- Coordinates: 45°31′00″N 4°14′57″E﻿ / ﻿45.51667°N 4.24917°E
- Crosses: Loire
- Locale: Saint-Just-Saint-Rambert

Characteristics
- Trough construction: Reinforced concrete
- Pier construction: Steel
- Total length: 270 m
- Width: 20,55 m
- Height: 40 m

History
- Architect: Strates / Berlottier architectes
- Engineering design by: GFC Construction Group and DV Construction
- Construction start: 2006
- Construction end: 2008

Location
- Interactive map of Saint-Just-Saint-Rambert Bridge

= Saint-Just-Saint-Rambert Bridge =

Suspension bridge in the Loire department, France

The Saint-Just-Saint-Rambert bridge, also known as the "Grand Pont sur la Loire", is a suspension bridge located in the Loire department that spans the Loire at Saint-Just-Saint-Rambert. It facilitates the deviation of the departmental road D 498, which links the A72 autoroute to the west of the town of Bonson.

As of 26 February 2021 the bridge has been given the name "Pont Pascal Clément," in honor of Pascal Clément, who played a key role in its construction during his tenure as president of the Departmental Council of Loire.

The bridge's design is notable for its unique triangular portal that supports the carrying cables. The two sets of suspender cables thus form inclined planes instead of being parallel. Moreover, it has the particularity of being self-anchored. The anchoring structures are indeed connected to the deck, which results in a portion of the traction forces being transformed into compression in the deck. As a result, the size of these structures is significantly reduced.

== History ==

=== TD 498 deviation ===
The TD 498 deviation is a development project managed by the Departmental Council of Loire that aims to connect the airport interchange on the A72 autoroute to the existing RD 498 between Bonson and Saint-Marcellin-en-Forez. The RD 498 is a relevant route connecting the motorway, Puy-de-Dôme, and Haute-Loire.

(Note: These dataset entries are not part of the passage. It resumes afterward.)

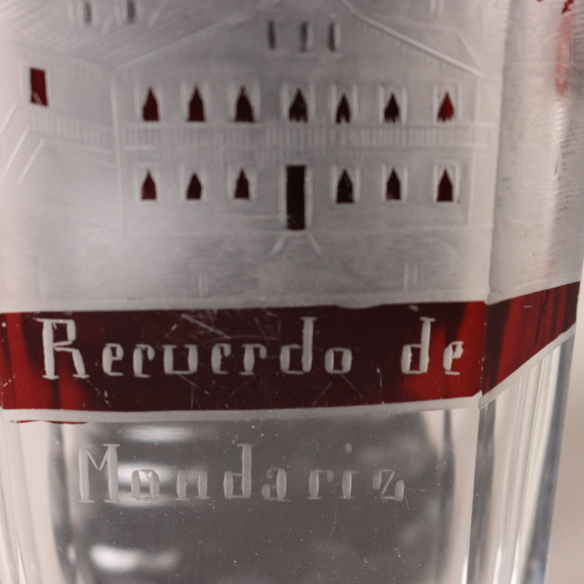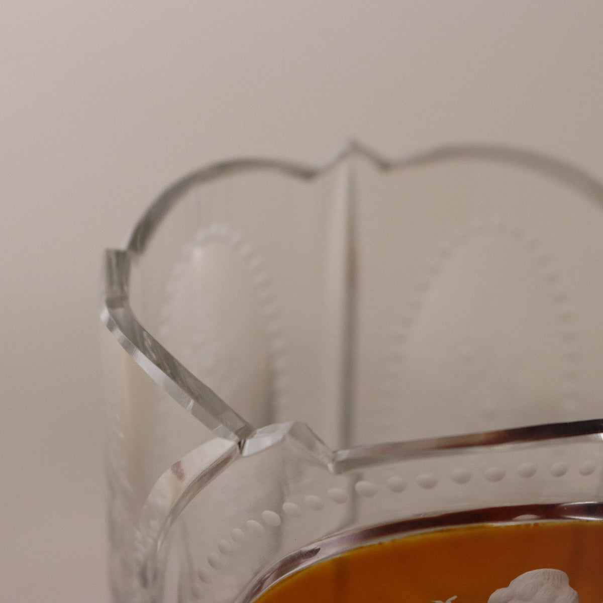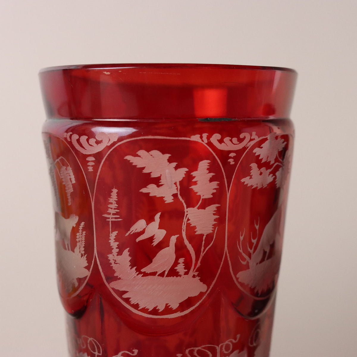Group of seven glasses in cut and engraved glass of different manufactures, shapes and colours. Ancient objects, , collector's articles, candle-holder.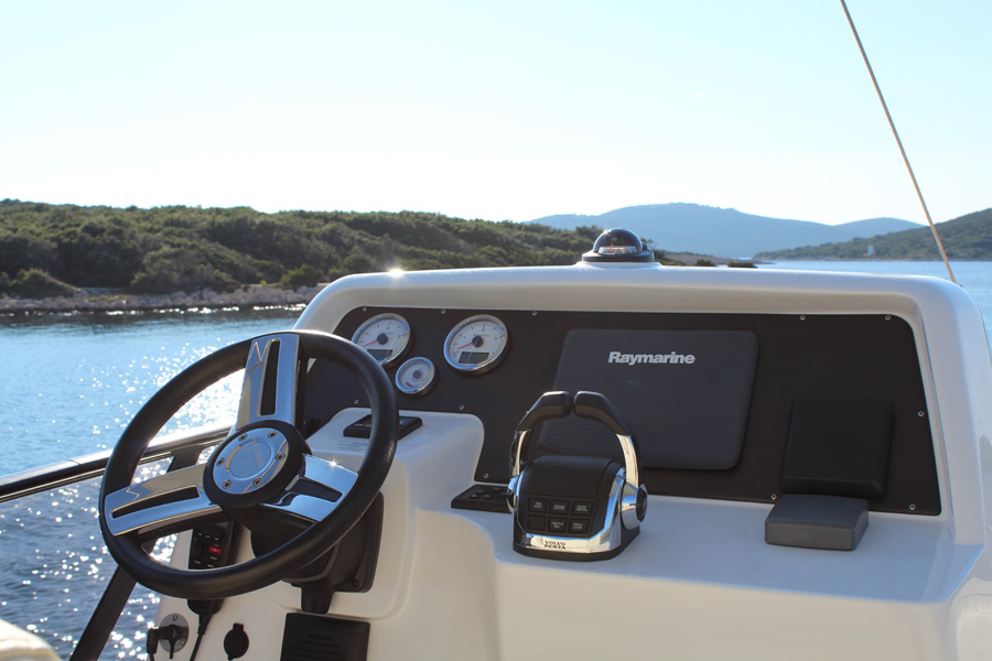 | Navigation | 2-Hebelschaltung, Drehzahlmesser, Echolot, Fernglas, GPS mit Kartenplotter, Hafenhandbücher, Kompass, Seekarten, Sumlog, Trimmklappen (hydr.) |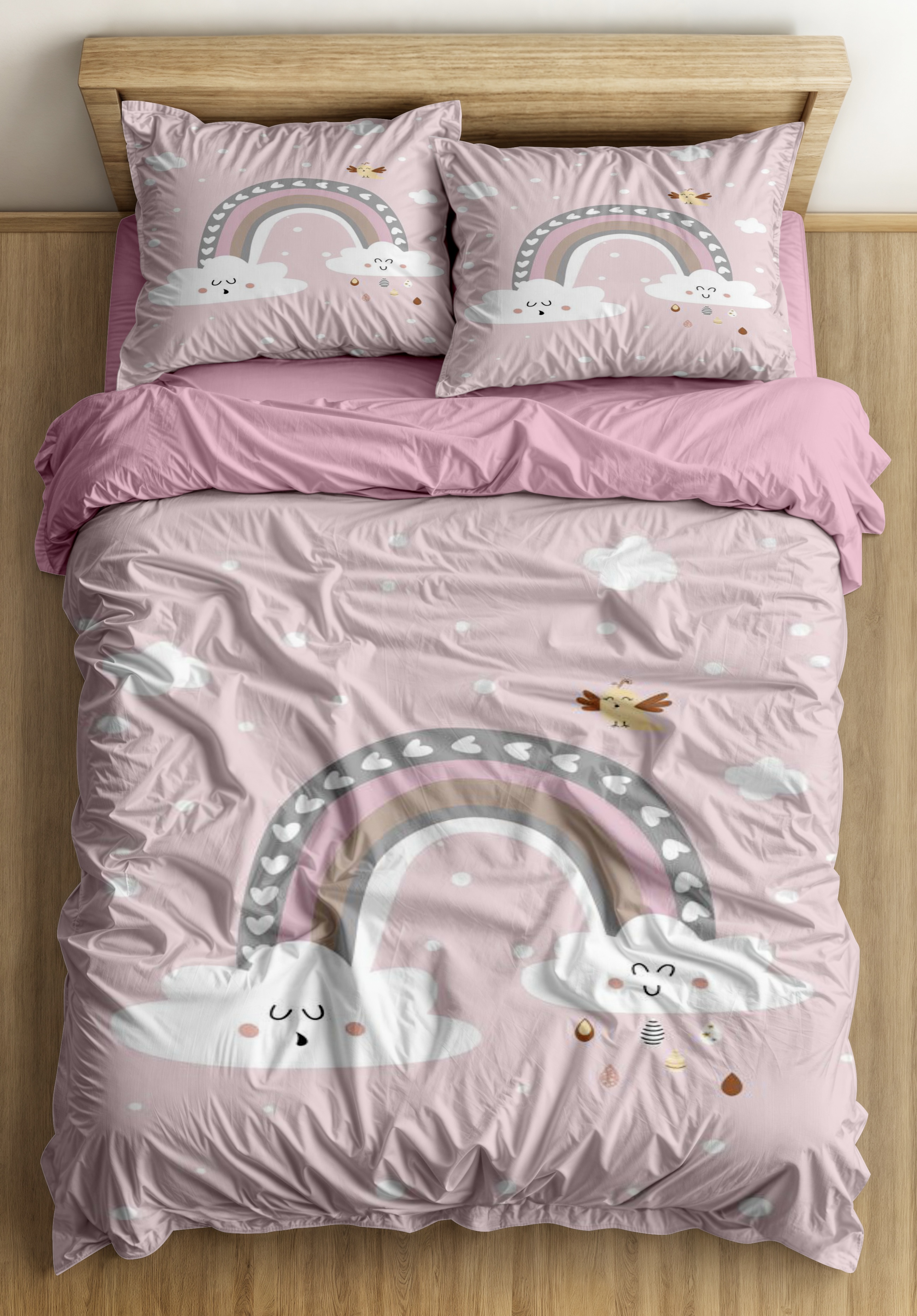 روتختی پارچه ترک بچگانه طرح تدی و رنگین کمان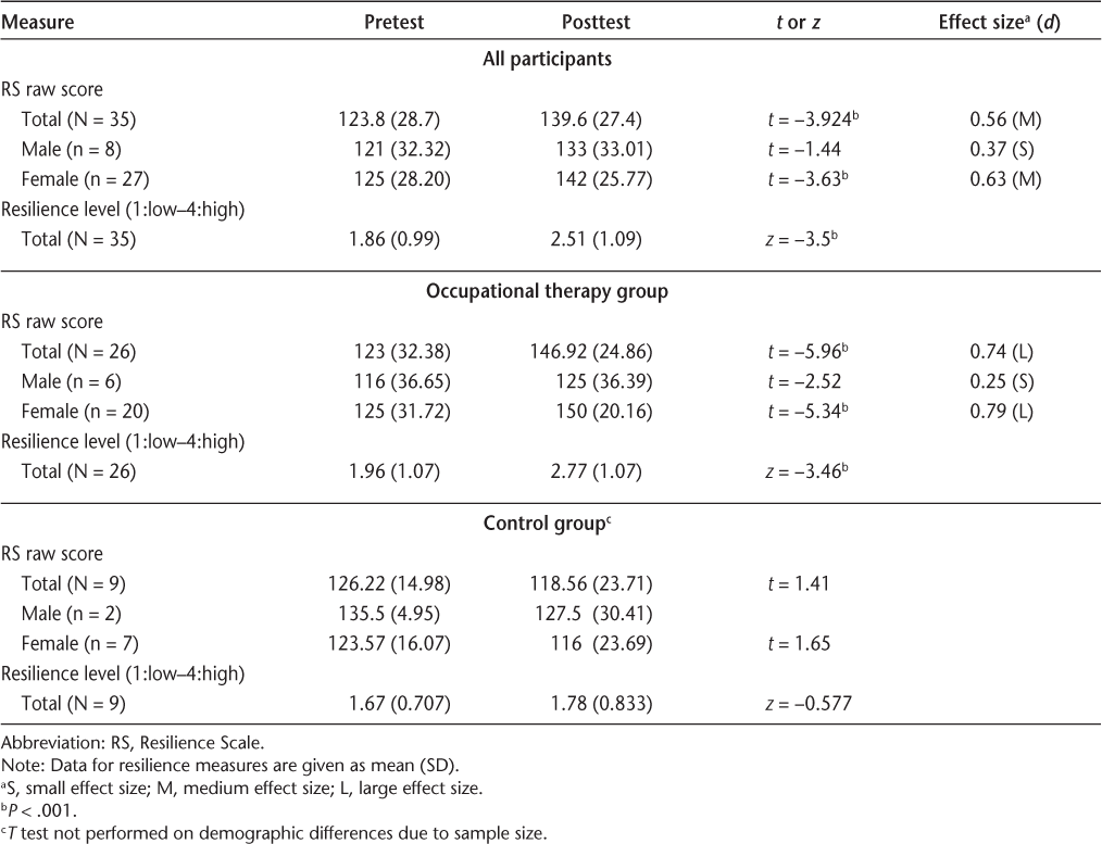Some gender differences in resilience were found. Just over three-quarters of our entire study sample consisted of women. Women's resilience overall and in both the OT treatment group and the control group improved significantly. Men's resilience in these two cohorts also increased, but not significantly. The small sample size of men may account for the nonsignificance of the improvement. However, studies have identified the multiple roles women have and their opportunities to engage in social networks as being linked with resilience.27 Social factors also played an important role in our study, possibly accounting for women's improvement in resilience.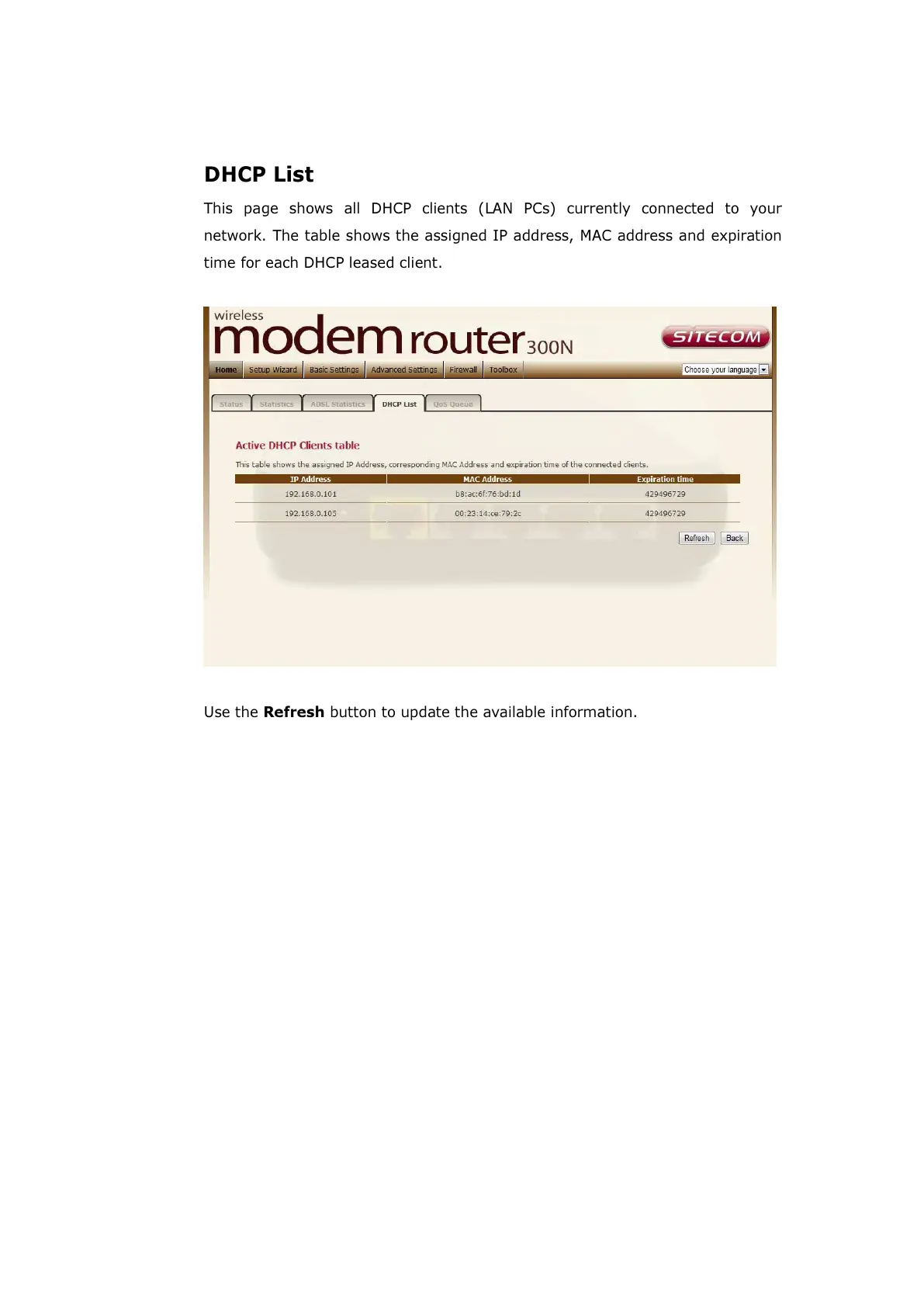 This page shows all DHCP clients (LAN PCs) currently connected to your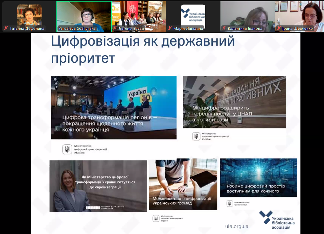 Виконавча директорка ВГО Українська бібліотечна асоціація Ярослава Сошинська розповіла про поточні результати реалізації проєкту «Здобуття цифрових навичок у бібліотеках – Хабах цифрової освіти». Ініціатива впроваджується упродовж травня – листопада 2024 року в усіх областях України у два етапи. Спершу організовується тижневе онлайнове навчання для координаторів Хабів цифрової освіти області. Заняття проводяться тренерами регіонального тренінгового центру для бібліотекарів, працівниками обласних універсальних наукових бібліотек та експертами-консультантами Асоціації. А координатори Хабів, своєю чергою, проведуть заняття із цифрової грамотності та нададуть консультації для відвідувачів бібліотек. У його межах, зокрема, розробили посібник «Бібліотеки – Хаби цифрової освіти», покликаний допомогти організувати ефективну діяльність Хабу цифрової освіти у бібліотеці. У травні липні 2024 р. тренери РТЦ навчали координаторів Хабів цифрової освіти (40 груп, це 1054 координатори Хабів з усіх областей).
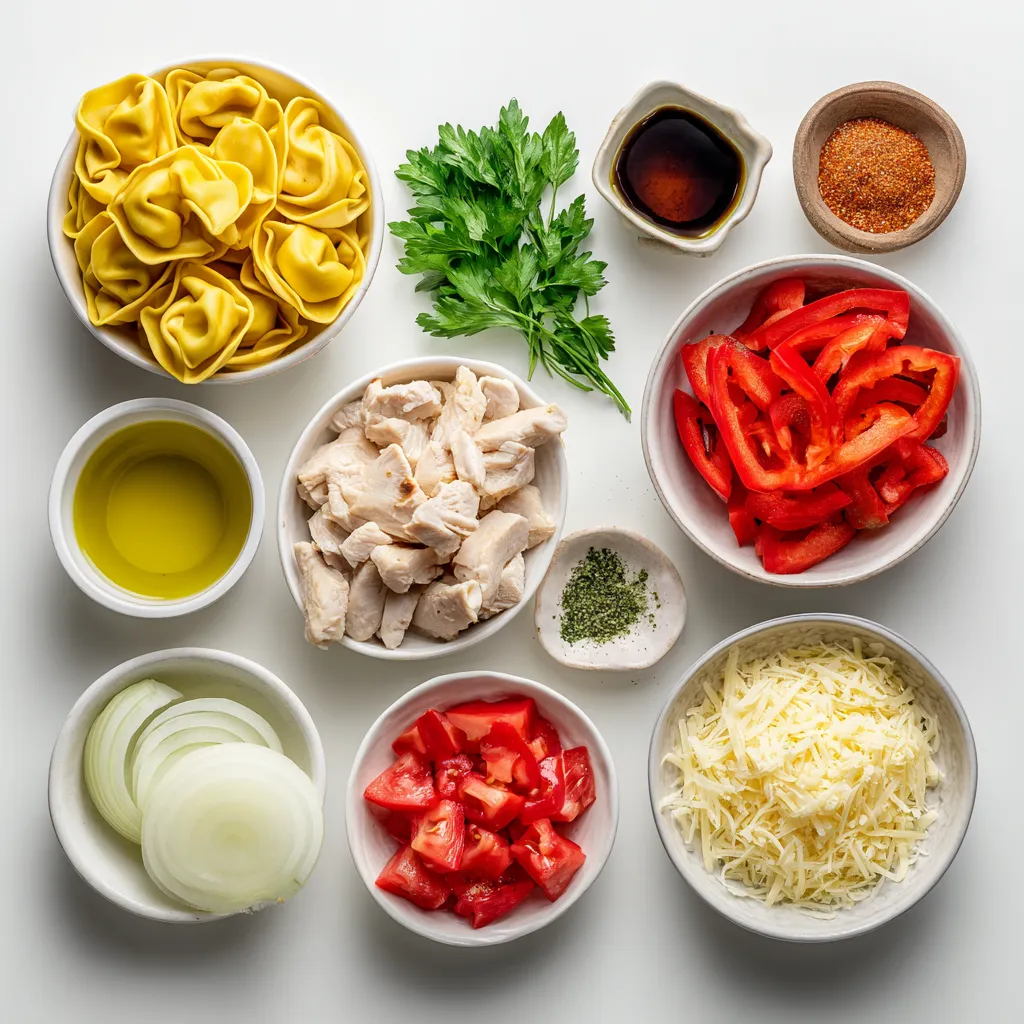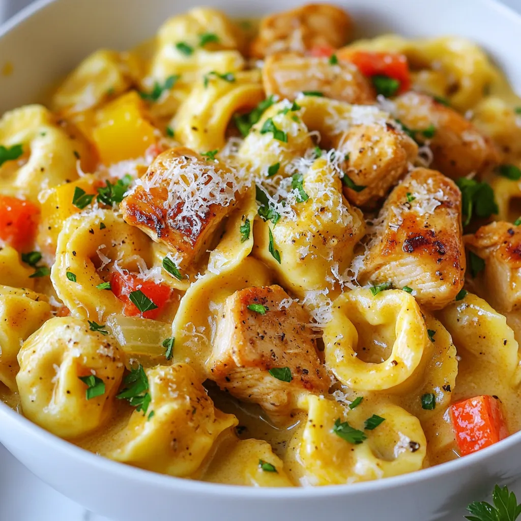 A flavorful dish combining cheese tortellini, seasoned chicken, and a creamy sauce with vegetables.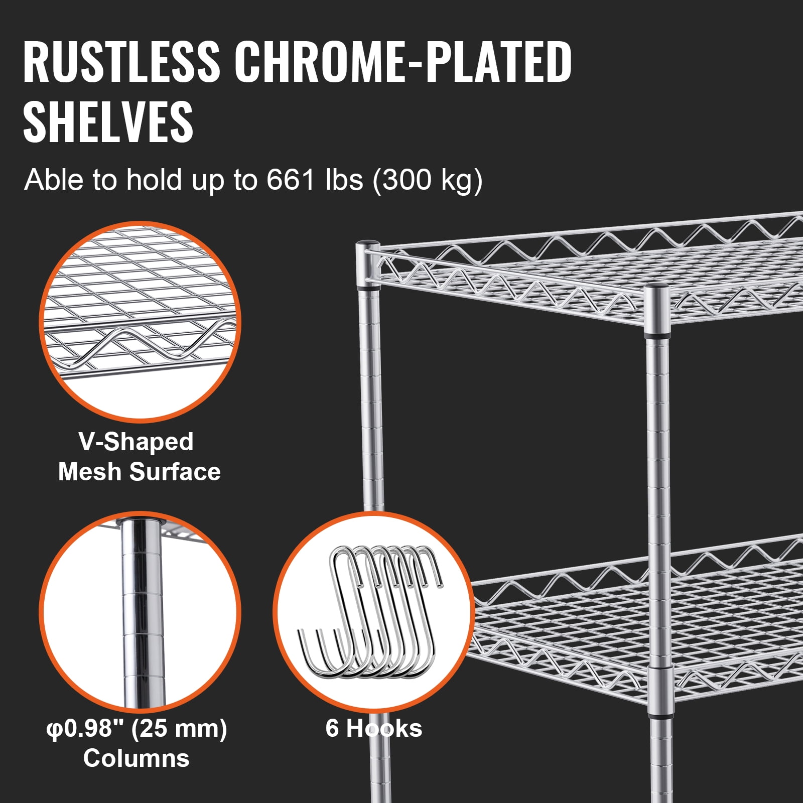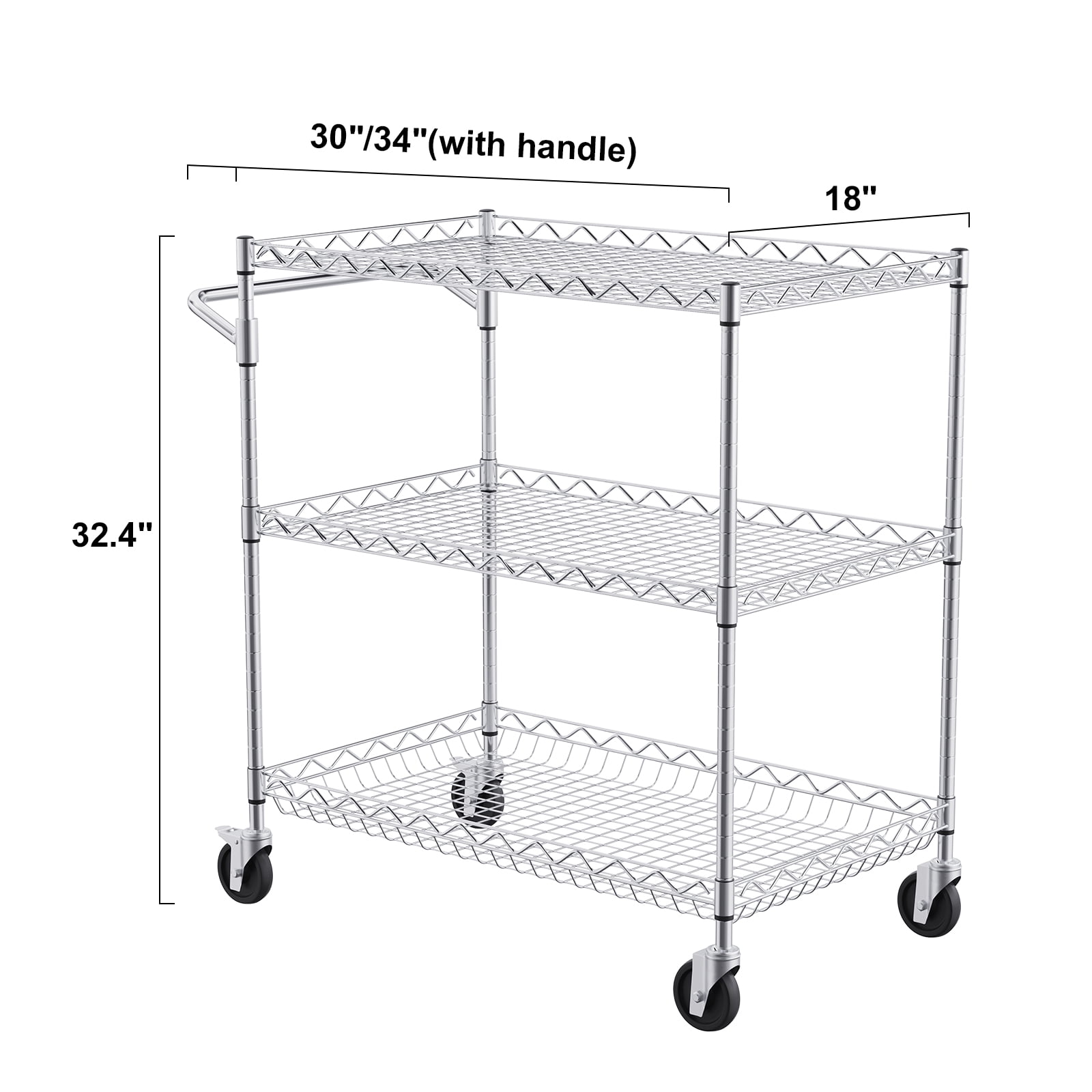 VEVOR 3-Tier Utility Cart Rolling Cart on Wheels 30″x18″x32.4″ 661 lbs 6 Hooks

This new road improves the residents’ living environment and reduces travel times by 20 to 30 minutes on the considered route with 2 × 2 lanes.

The new road has seen a diversion of vehicles ranging from 15,000 to 22,000 per day. This represents a significant portion of the 30,000 that cross the Loire daily at Saint-Just-Saint-Rambert and Andrézieux-Bouthéon.

The Eastern section, connecting the A72 to RD 12 in Saint-Just-sur-Loire, was opened in July 2005.

The central section connecting the RD 12 to the RD 8 (Bonson) includes the Loire crossing and is 2.7 km long. It has been open to traffic since 15 December 2008.

Location map

The western section, 2.6 km long, completes the project between the RD 8 interchange and the end interchange on the RD 498. Construction was completed in early 2011.
=== 2004–2006: Studies ===
The studies for the structure were conducted from 2003 to 2006 by a project team consisting of a technical engineering firm, QUADRIC; an architectural firm, STRATES; and a team of agents from the Delegation to Infrastructure of the Loire Department.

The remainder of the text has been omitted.